This article was written by Fahim ul Haq, CEO of Educative and former senior engineer at Microsoft.

System design interviews are essential to your career advancement as a software engineer. The concepts of system design interviews often acts as the gatekeepers that take you from L5 to L6 in big companies. This jump is hard, and most engineers, even highly qualified candidates, struggle to move beyond L5.

So, how do you move from a mid level engineer to a senior engineer in just a 45 minute interview window?

It's hard to stand out when it comes to system design interview questions. But there are ways to rise above the noise. In the next few years, almost every system will have an ML component to it.

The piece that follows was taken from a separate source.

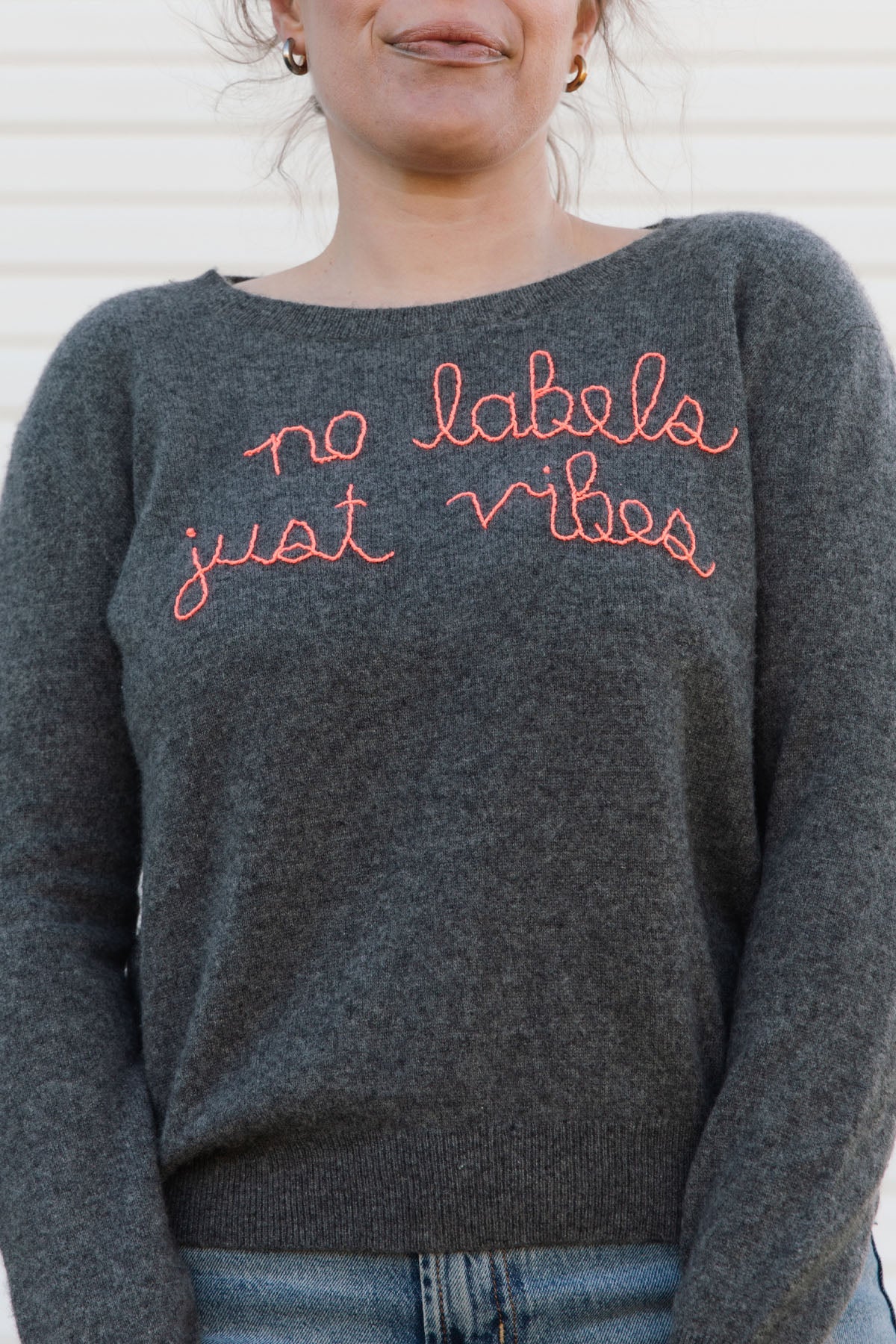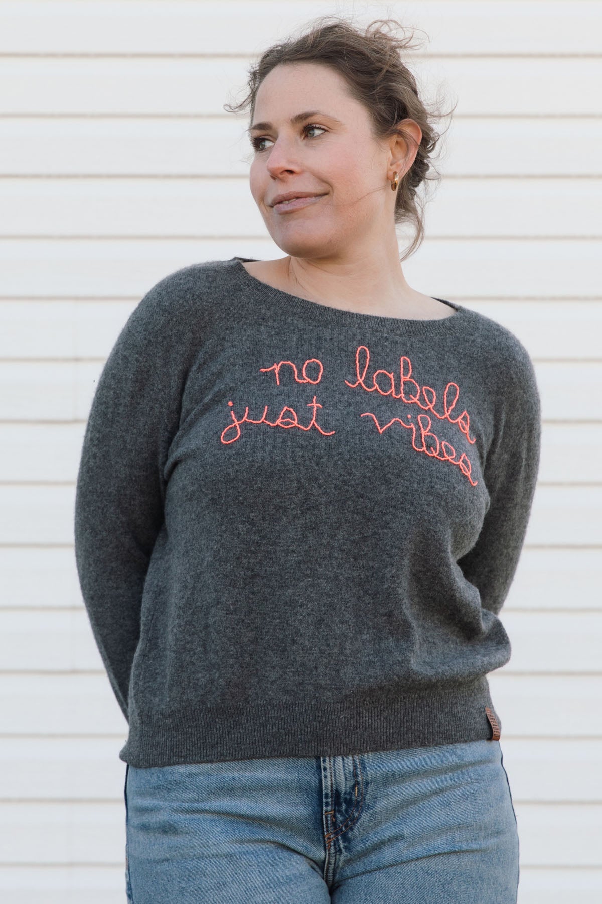 grey cashmere 'no labels, just vibes.' sweater {small}

Interviewers want to hire engineers who evolve with the systems, and machine learning is the most important evolution we face today. Read on as we explore how machine learning skills are the solution.

We will discuss:

Challenges of system design interviews

System design interviews are important for career advancement. Even expert engineers must demonstrate that they can design complex systems within varying constraints. It’s difficult to show off all those skills in just a 45-minute interview.

There is often more than one optimal solution to a system design problem. System design requires a high-scale level of thinking. Interviewers want to see how you think when given ownership of an open-ended problem.

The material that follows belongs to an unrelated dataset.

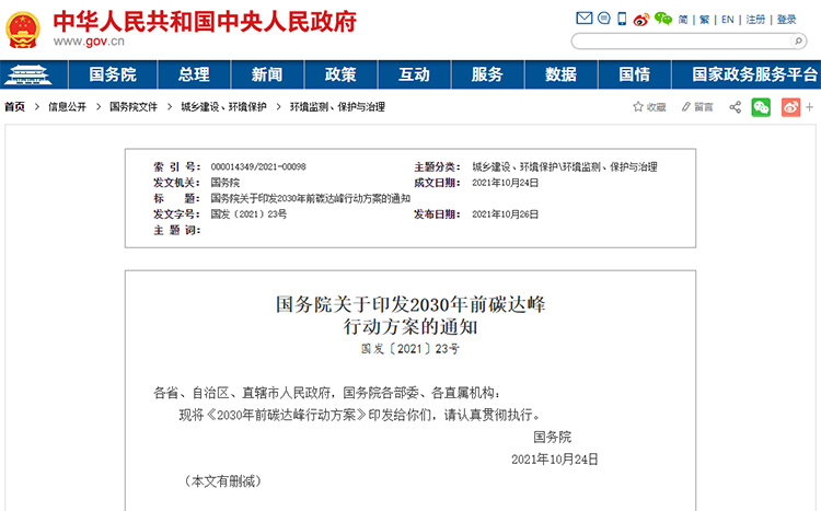 現將《2030年前碳達峰行動方案》印發給你們,請認真貫徹執行。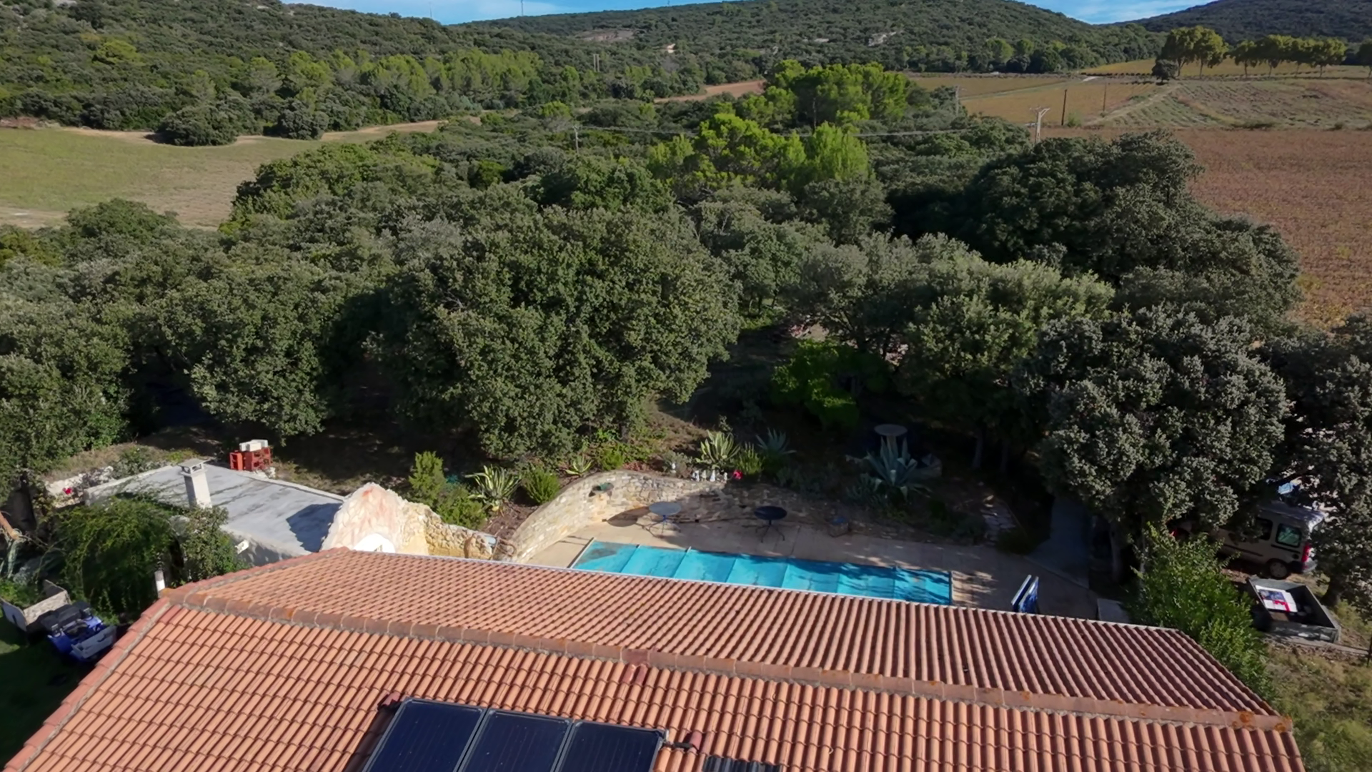 Cette résidence, est dotée d'une jolie piscine à l'abri des regards, d'une cave enterrée, d'un sauna et hamam, d''une cuisine d'été, d'un très grand atelier qui pourrait être utilisé comme espace professionnel ou pour créer un autre espace habitable entouré d'un grand terrain arboré et garrigue avec des petits coins discrets et intimes propices aux échanges, à l'activité artistique et à la lecture.

In my experience, the most common pitfall here is depth of skill. Even the most talented candidates cannot demonstrate a depth of design skills because their solutions do not account for modern software demands.

Interviewers want to advance someone who thinks towards scalability within the context of production. In other words, a next-generation system design engineer.

The key to success, then, is moving beyond the theoretical or basic aspects of system design. This is where machine learning comes in.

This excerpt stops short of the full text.